**Task instructions:** Where does the word "Valencia" show up in the records? Copy every line that holds it.

**Exercise input:**
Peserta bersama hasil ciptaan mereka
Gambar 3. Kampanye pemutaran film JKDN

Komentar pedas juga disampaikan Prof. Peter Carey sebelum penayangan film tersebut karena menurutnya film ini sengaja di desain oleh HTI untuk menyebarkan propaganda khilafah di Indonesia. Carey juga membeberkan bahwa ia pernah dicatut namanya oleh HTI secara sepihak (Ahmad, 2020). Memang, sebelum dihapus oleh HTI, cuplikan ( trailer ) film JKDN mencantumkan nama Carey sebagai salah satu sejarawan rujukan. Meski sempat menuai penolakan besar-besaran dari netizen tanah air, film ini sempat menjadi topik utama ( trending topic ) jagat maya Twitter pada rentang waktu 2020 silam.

* * *

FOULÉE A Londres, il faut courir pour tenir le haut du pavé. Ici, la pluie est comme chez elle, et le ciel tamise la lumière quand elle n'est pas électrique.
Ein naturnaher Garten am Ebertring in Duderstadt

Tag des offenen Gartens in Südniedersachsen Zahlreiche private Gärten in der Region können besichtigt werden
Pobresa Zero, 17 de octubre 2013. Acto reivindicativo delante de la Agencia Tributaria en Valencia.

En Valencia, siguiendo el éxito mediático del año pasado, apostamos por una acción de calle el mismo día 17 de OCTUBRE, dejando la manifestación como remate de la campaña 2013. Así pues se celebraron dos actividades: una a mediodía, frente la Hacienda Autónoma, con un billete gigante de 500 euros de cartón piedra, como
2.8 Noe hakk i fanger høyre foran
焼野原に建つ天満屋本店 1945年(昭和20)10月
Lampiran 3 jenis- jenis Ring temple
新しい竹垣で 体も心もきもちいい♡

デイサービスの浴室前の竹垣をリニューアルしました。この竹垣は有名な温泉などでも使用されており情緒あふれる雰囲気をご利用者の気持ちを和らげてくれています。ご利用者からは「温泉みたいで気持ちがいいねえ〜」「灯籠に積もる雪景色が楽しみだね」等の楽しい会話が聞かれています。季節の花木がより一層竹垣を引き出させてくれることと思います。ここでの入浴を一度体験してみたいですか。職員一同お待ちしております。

**Exercise solution:**
Pobresa Zero, 17 de octubre 2013. Acto reivindicativo delante de la Agencia Tributaria en Valencia.
En Valencia, siguiendo el éxito mediático del año pasado, apostamos por una acción de calle el mismo día 17 de OCTUBRE, dejando la manifestación como remate de la campaña 2013. Así pues se celebraron dos actividades: una a mediodía, frente la Hacienda Autónoma, con un billete gigante de 500 euros de cartón piedra, como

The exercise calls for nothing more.